Dorset County Council's 2013 mid-year estimate for the population of Rampisham parish is 110. The principal means of making a living is agricultural, mainly grain production.

==History==
In 1799 a Roman pavement was found about 1 mi north-northwest of the church; it measured approximately 14 ft by 10 ft and was well preserved, having a pattern of concentric rings and a floral decoration, but it was destroyed by treasure-hunters.

In the Domesday Book in 1086 Rampisham was recorded as Ramesham. It was in the hundred of Tollerford, had seventeen households and the tenant-in-chief was Bishop Odo of Bayeaux.

Rampisham's parish church, dedicated to St Michael and All Saints, has a medieval south tower which was built in phases in the early 14th (1326) and 15th centuries. The rest of the building was largely rebuilt in two bouts of Victorian restoration: first in 1845–7 and then in 1858–60. Augustus Pugin was involved in the first restoration, designing a new east window and chancel. He also built a a rectory for the village, though this is now a private house. The second restoration involved an extension to the tower and a rebuilding of the nave; this was undertaken by John Hicks, possibly with assistance from a young Thomas Hardy.

A quarter of a mile north-northeast of the church is the base and part of the shaft of a 15th-century wayside cross.

==Geography==
Rampisham village is sited on greensand at an altitude of 125 to 145 m in a tributary valley of the River Frome.

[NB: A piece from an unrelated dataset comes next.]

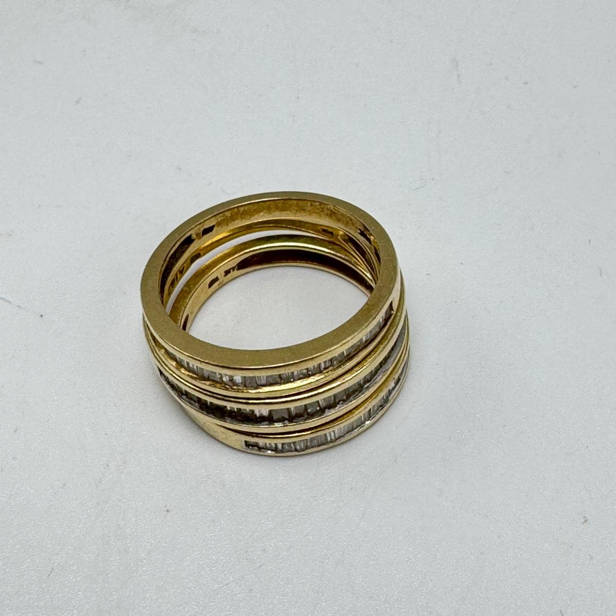 Three gold rings with diamonds that can be stacked or worn separately. Largest (middle) ring has A162 mark in addition to other marks. See photos as they are mostly illegible. Shipping available.

It is surrounded by the chalk hills of the Dorset Downs, which rise to 224 m at West Hill to the north. Measured directly, the village is 8 mi northeast of Bridport, 11 mi northwest of Dorchester and 8.5 mi south of Yeovil in Somerset.

==Communications station==
In November 1939 the BBC acquired 189 acre of land on Rampisham Down, a hill southwest of the village. It became the location of one of the main transmitters of the BBC World Service in Europe until it was shut in 2011. There were 26 transmitter pylons on the down.

It is now the home for a small business park, with 2 pylons left on site, one used as a home for nesting Peregrine Falcons.